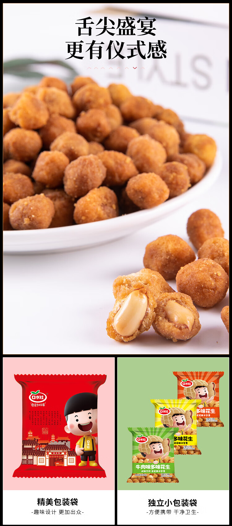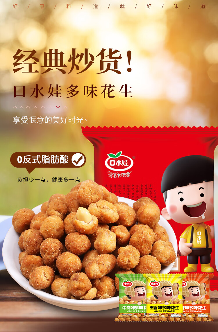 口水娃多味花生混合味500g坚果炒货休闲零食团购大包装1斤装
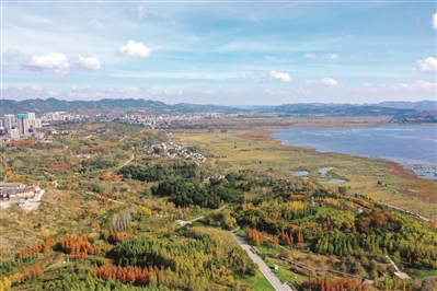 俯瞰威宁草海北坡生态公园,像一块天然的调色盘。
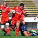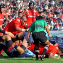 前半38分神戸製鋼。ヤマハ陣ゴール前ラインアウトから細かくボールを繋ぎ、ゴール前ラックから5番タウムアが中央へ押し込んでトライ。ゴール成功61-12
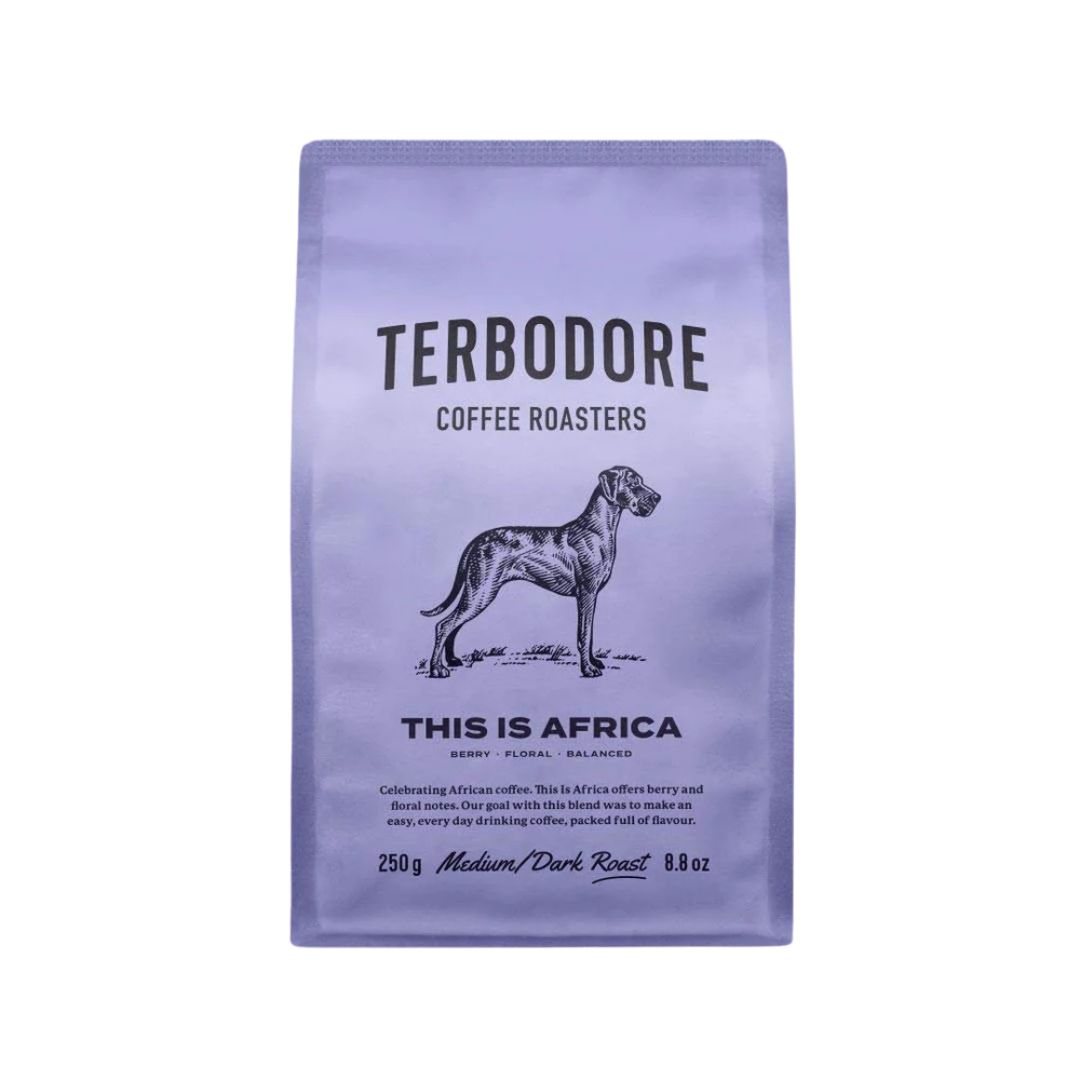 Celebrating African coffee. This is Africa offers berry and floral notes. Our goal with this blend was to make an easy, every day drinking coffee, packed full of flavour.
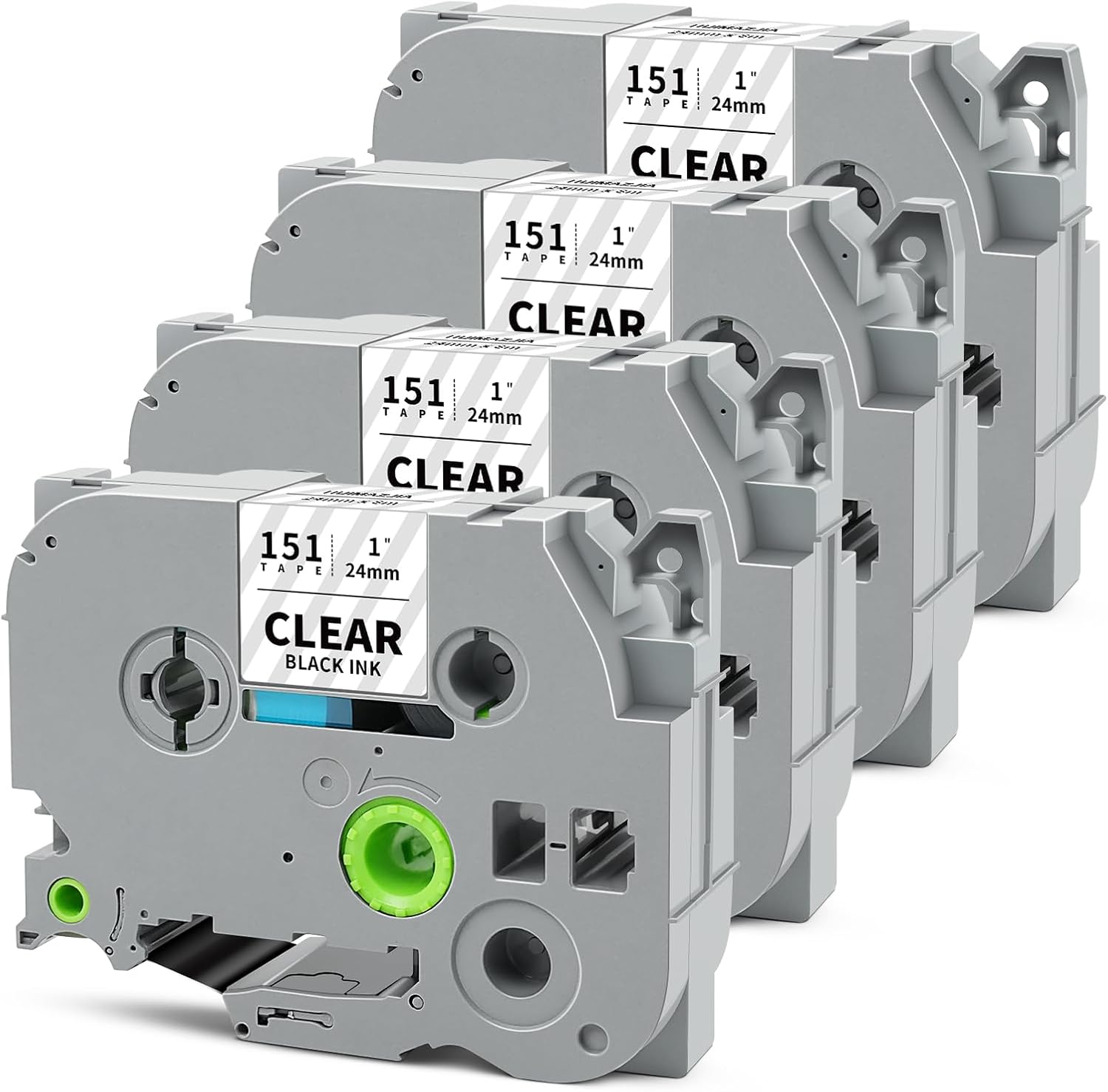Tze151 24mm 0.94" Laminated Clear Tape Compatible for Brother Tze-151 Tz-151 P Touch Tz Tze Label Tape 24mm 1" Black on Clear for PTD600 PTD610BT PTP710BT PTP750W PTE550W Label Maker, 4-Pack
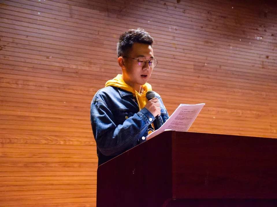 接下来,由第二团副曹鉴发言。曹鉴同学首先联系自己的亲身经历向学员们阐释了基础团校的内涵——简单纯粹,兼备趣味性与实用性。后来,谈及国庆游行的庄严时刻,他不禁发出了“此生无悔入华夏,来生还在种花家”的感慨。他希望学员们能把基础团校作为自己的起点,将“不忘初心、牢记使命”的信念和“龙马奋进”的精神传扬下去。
* * * * * * *
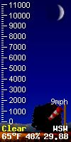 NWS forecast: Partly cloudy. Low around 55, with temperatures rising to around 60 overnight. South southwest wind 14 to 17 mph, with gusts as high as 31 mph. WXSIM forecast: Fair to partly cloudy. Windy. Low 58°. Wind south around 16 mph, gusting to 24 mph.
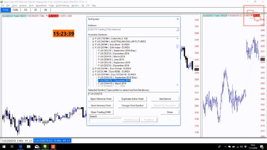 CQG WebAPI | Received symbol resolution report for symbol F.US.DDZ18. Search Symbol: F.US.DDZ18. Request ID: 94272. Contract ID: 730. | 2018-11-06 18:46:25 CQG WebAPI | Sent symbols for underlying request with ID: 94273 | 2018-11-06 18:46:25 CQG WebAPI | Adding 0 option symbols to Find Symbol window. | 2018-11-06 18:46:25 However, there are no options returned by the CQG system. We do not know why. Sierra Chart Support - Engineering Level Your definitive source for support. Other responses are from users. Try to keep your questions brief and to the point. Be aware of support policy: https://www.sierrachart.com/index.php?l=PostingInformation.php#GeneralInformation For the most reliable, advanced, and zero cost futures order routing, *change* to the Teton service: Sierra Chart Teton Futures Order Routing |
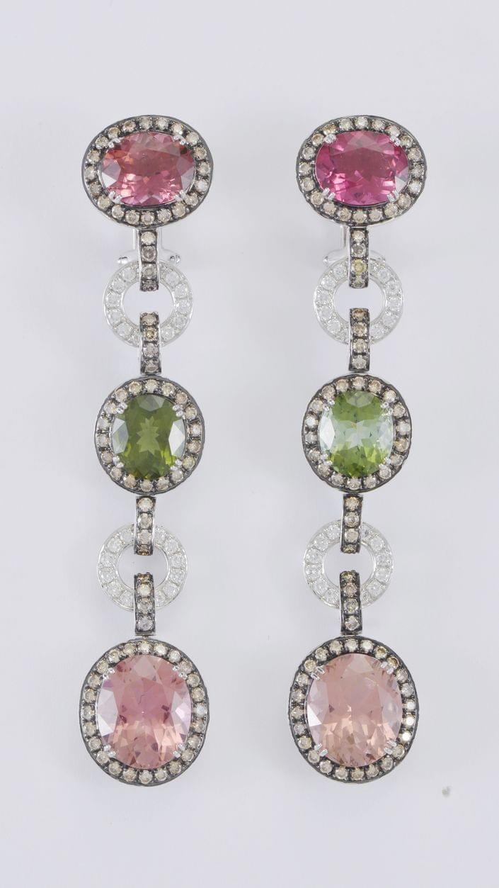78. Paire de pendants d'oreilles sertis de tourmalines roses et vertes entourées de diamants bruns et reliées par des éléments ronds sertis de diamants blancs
* * * * * * *
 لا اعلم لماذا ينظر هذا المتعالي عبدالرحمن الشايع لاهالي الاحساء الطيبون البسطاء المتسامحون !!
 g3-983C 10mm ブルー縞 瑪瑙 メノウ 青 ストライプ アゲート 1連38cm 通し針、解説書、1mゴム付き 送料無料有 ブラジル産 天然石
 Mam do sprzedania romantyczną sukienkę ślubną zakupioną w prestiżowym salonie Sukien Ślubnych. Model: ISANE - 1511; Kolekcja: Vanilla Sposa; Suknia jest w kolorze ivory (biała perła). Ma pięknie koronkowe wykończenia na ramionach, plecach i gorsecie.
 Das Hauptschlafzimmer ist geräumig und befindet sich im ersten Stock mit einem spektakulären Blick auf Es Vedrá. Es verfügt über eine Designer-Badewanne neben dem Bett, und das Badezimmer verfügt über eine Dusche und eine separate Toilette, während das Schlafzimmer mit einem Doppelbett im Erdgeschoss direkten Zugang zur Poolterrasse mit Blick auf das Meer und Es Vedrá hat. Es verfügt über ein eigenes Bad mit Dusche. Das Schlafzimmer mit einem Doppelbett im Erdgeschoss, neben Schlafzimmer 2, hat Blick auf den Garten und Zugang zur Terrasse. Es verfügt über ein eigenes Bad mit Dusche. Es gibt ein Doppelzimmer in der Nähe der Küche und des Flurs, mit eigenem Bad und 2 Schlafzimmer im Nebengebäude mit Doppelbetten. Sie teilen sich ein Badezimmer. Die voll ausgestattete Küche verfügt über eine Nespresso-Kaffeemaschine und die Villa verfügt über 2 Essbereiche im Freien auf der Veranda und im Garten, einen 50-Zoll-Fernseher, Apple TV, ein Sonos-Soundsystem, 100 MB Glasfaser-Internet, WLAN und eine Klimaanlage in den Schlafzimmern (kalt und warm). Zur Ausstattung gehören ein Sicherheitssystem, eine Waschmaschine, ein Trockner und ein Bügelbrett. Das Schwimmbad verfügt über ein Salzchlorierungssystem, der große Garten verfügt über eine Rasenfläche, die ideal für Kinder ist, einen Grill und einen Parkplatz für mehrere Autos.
* * * * * * *
WHAT YOU ARE ASKED TO DO
Copy out the range of lines above starting at the line with "g3-983C 10mm ブルー縞" and ending at the line with "Das Hauptschlafzimmer ist", exactly and including both.

REPLY
 g3-983C 10mm ブルー縞 瑪瑙 メノウ 青 ストライプ アゲート 1連38cm 通し針、解説書、1mゴム付き 送料無料有 ブラジル産 天然石
 Mam do sprzedania romantyczną sukienkę ślubną zakupioną w prestiżowym salonie Sukien Ślubnych. Model: ISANE - 1511; Kolekcja: Vanilla Sposa; Suknia jest w kolorze ivory (biała perła). Ma pięknie koronkowe wykończenia na ramionach, plecach i gorsecie.
 Das Hauptschlafzimmer ist geräumig und befindet sich im ersten Stock mit einem spektakulären Blick auf Es Vedrá. Es verfügt über eine Designer-Badewanne neben dem Bett, und das Badezimmer verfügt über eine Dusche und eine separate Toilette, während das Schlafzimmer mit einem Doppelbett im Erdgeschoss direkten Zugang zur Poolterrasse mit Blick auf das Meer und Es Vedrá hat. Es verfügt über ein eigenes Bad mit Dusche. Das Schlafzimmer mit einem Doppelbett im Erdgeschoss, neben Schlafzimmer 2, hat Blick auf den Garten und Zugang zur Terrasse. Es verfügt über ein eigenes Bad mit Dusche. Es gibt ein Doppelzimmer in der Nähe der Küche und des Flurs, mit eigenem Bad und 2 Schlafzimmer im Nebengebäude mit Doppelbetten. Sie teilen sich ein Badezimmer. Die voll ausgestattete Küche verfügt über eine Nespresso-Kaffeemaschine und die Villa verfügt über 2 Essbereiche im Freien auf der Veranda und im Garten, einen 50-Zoll-Fernseher, Apple TV, ein Sonos-Soundsystem, 100 MB Glasfaser-Internet, WLAN und eine Klimaanlage in den Schlafzimmern (kalt und warm). Zur Ausstattung gehören ein Sicherheitssystem, eine Waschmaschine, ein Trockner und ein Bügelbrett. Das Schwimmbad verfügt über ein Salzchlorierungssystem, der große Garten verfügt über eine Rasenfläche, die ideal für Kinder ist, einen Grill und einen Parkplatz für mehrere Autos.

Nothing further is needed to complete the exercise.